Mr Rodgers left Sunrise on 27 March 2014 without giving 12 months notice. Before doing so, he had signed a contract of employment with a competitor which was due to begin in January 2015. Sunrise chose not to accept Mr Rodgers’ resignation, as it was in breach of the terms that had been agreed. The company instead took the view that he remained employed, but refused to pay him on the basis that he was refusing to come to work.

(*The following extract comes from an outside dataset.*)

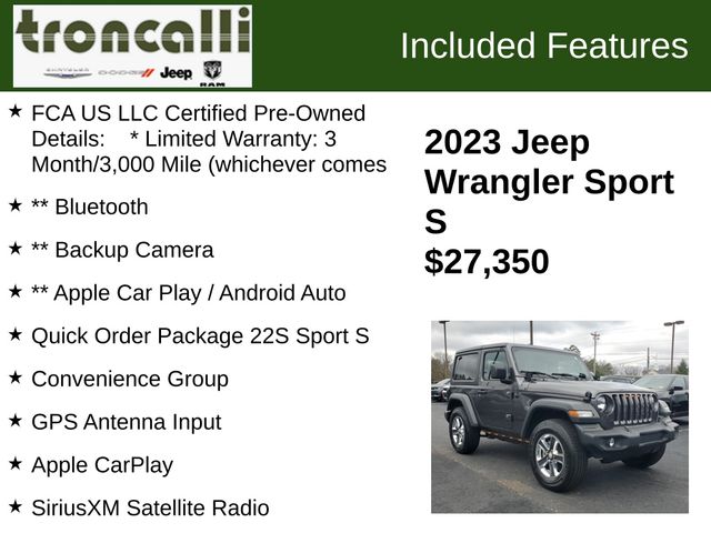 2023 Jeep Wrangler Sport S Certified. CARFAX One-Owner. FCA US LLC Certified Pre-Owned Details: * Limited Warranty: 3 Month/3,000 Mile (whichever comes, ** Bluetooth, ** Backup Camera, ** Apple Car Play / Android Auto, 3.45 Overall Top Gear Ratio, 4-Wheel Disc Brakes, 8 Speakers, ABS brakes, AM/FM radio, Apple CarPlay, Apple CarPlay/Android Auto, Automatic Headlamps, Auxiliary Battery, Black 3-Piece Hard Top, Brake assist, Cloth Low-Back Bucket Seats, Compass, Convenience Group, Deep Tint Sunscreen Windows, Delay-off headlights, Driver door bin, Driver vanity mirror, Dual front impact airbags, Dual front side impact airbags, Electronic Stability Control, Emergency communication system: SiriusXM Guardian, Engine Oil Cooler, Freedom Panel Storage Bag, Front 1-Touch Down Power Windows, Front anti-roll bar, Front Bucket Seats, Front Center Armrest w/Storage, Front fog lights, Front reading lights, Google Android Auto, GPS Antenna Input, Integrated Center Stack Radio, Integrated roll-over protection, Integrated Voice Command w/Bluetooth, Low tire pressure warning, MOPAR All-Weather Floor Mats, No Soft Top, Non-Locking Fuel Cap w/o Discriminator, Normal Duty Suspension, Occupant sensing airbag, Outside temperature display, ParkView Rear Back-Up Camera, Passenger door bin, Passenger vanity mirror, Power Heated Mirrors, Power steering, Premium Wrapped Steering Wheel, Quick Order Package 22S Sport S, Radio data system, Radio: Uconnect 4 w/7" Display, Rear anti-roll bar, Rear reading lights, Rear Window Defroster, Rear Window Wiper/Washer, Remote Keyless Entry, Security Alarm, SiriusXM Satellite Radio, Speed control, Speed Sensitive Power Locks, Sport S, Start-Stop Dual Battery System, Steering wheel mounted audio controls, Sun Visors w/Illuminated Vanity Mirrors, Tachometer, Telescoping steering wheel, Tilt steering wheel, Traction control, Trip computer, Universal Garage Door Opener, USB Host Flip, Variably intermittent wipers, Wheels: 17" x 7.5 Tech Silver Aluminum.

Subsequently Sunrise agreed to accept a notice period of six months from the date of the Mr Rodger’s first written notice of resignation which expired on 16 October 2014. Mr Rodgers did not disclose that he had already signed the employment contract with EOX. Sunrise made an application to the High Court for a declaration that Mr Rodgers remained in his employment and for an order restraining him from working elsewhere. The High Court issued an injunction holding Mr Rodgers to the terms of his contract of employment until 16 October 2014. The High Court however, only enforced Mr Rodger’s restrictive covenants until 26 January 2015, less than the six month period set out in his contract of employment. This was based on an assessment of what would have happened if Mr Rodgers had given notice in line with his contract and the likelihood he would have been placed on garden leave thus reducing the period the restrictive covenants would apply.
The Court of Appeal, in rejecting Mr Rodger’s appeal, agreed with the High Court’s reasoning and confirmed that the High Court was entitled to enforce the restrictive covenants for less than the six months provided for in Mr Rodger’s employment contract.
The Court usefully reiterates that even when a restrictive covenant is valid on the basis that it was reasonable when entered into, whether it is enforceable will also depend on whether subsequent events have made it unreasonable to enforce it. When applying for injunctive relief, employers should remain mindful of the court’s discretion to grant such relief and consider both whether the restriction was reasonable at the date it was entered into and whether it is still reasonable for the Court to enforce it at the time injunctive relief is sought.